I debated my grade for Officer since in truth, it didn’t look as good as I’d normally expect for a “B+” image. However, the vast majority of my complaints related to the source footage. Officer was never a great-looking movie, and this transfer did about as much with the material as it could. Indeed, it looked better than I expected, so I felt the result deserved the “B+”.

In addition to the movie’s original monaural soundtrack, this DVD included a new Dolby Digital 5.1 remix. As a character-driven romantic drama, the expanded soundfield didn’t really need to do much, but it added decent ambience to the affair. For instance, during the scene in which Foley first meets the trainees, helicopters and jets provided a good sense of place in the rear speakers. The front channels also offered nice movement and delineation. The effects were clear and accurate throughout the movie.

Without question, music benefited the most from this new remix. The songs and score demonstrated good stereo imaging, and those elements sounded great. The rock-driven pieces were lively and full. Bass response seemed good, and the music packed a nice punch. In addition, speech was concise and crisp, with no edginess or intelligibility issues. At times the lines appeared a little thin and dated, but they were fine given their age. I liked this remix quite a lot, and I thought it earned a solid “B+”, mostly due to the excellent quality of the music.
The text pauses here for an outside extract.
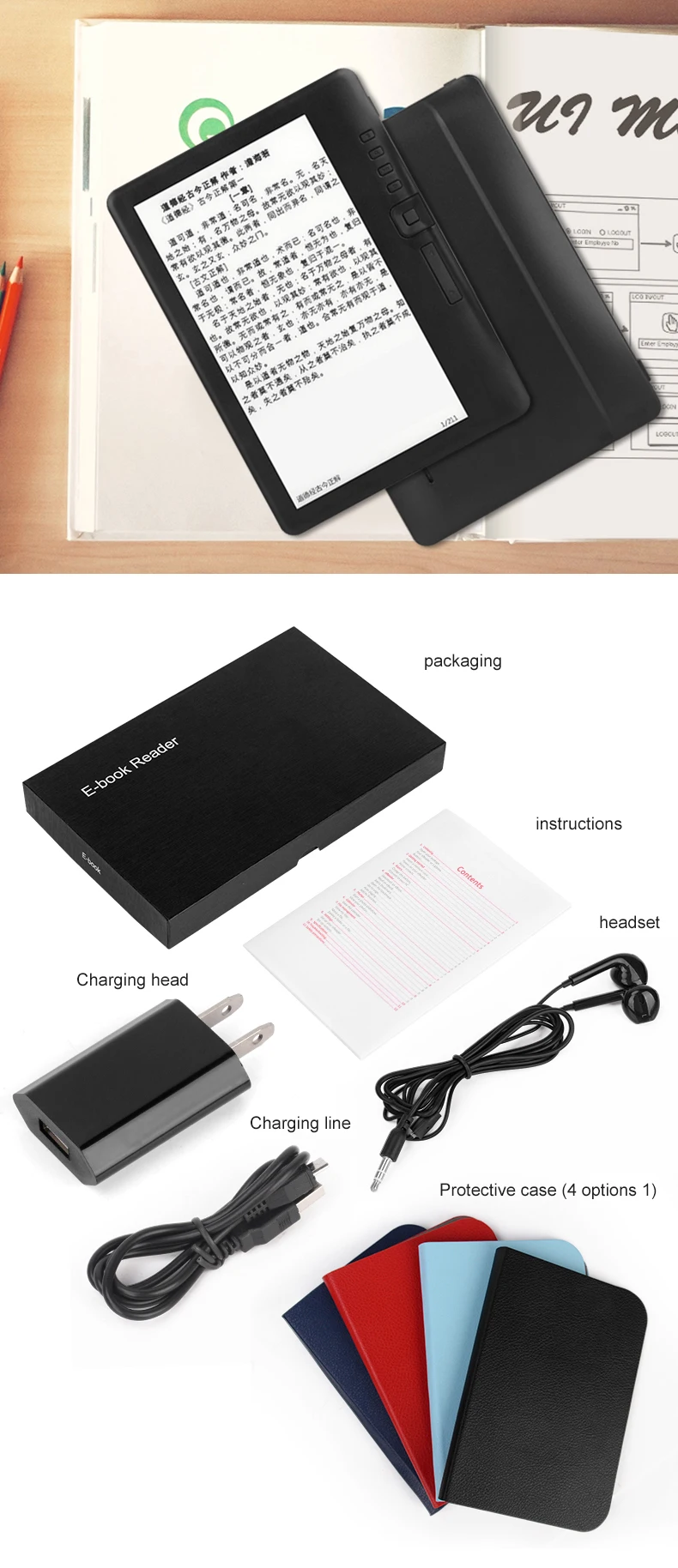 ebook reader x1, user manual X1, USB charger x1, protect shellx1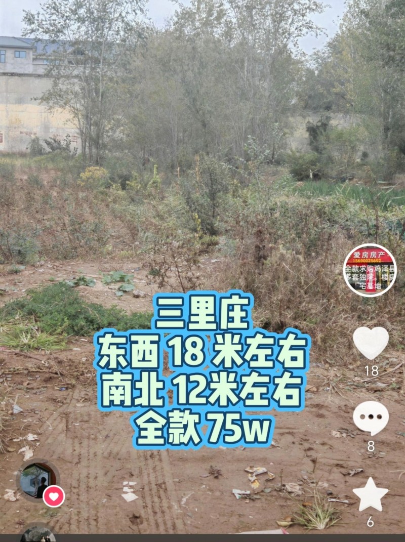 出售。三里庄村。宅基地。东西18米左右。南北12米左右。全款75万。微信同号

How did the picture and sound of this new 2007 special edition compare to those of the original 2000 release? Both offered significant improvements. Normally I don’t prefer 5.1 remixes to original soundtrack, but this DVD’s Dolby Digital audio worked so well that I thought it offered a great step up when compared to the old mono piece.

The visuals also seemed improved. The new DVD looked sharper along with clearer shadows, fewer defects and more natural colors. Though the new transfer still suffered from the limitations of the source material, it presented a pretty good image.

The 2007 special edition greatly expands the old release’s extras. That set included only a trailer and a running, screen-specific audio commentary from director Taylor Hackford. The same chat pops up here. The director has a lot to say and he maintains a consistently engaging presence. Hackford chats about the story’s path to the screen and his involvement in its, cast and characters, performances and working with the actors, locations and sets, music, editing, and a mix of other production topics.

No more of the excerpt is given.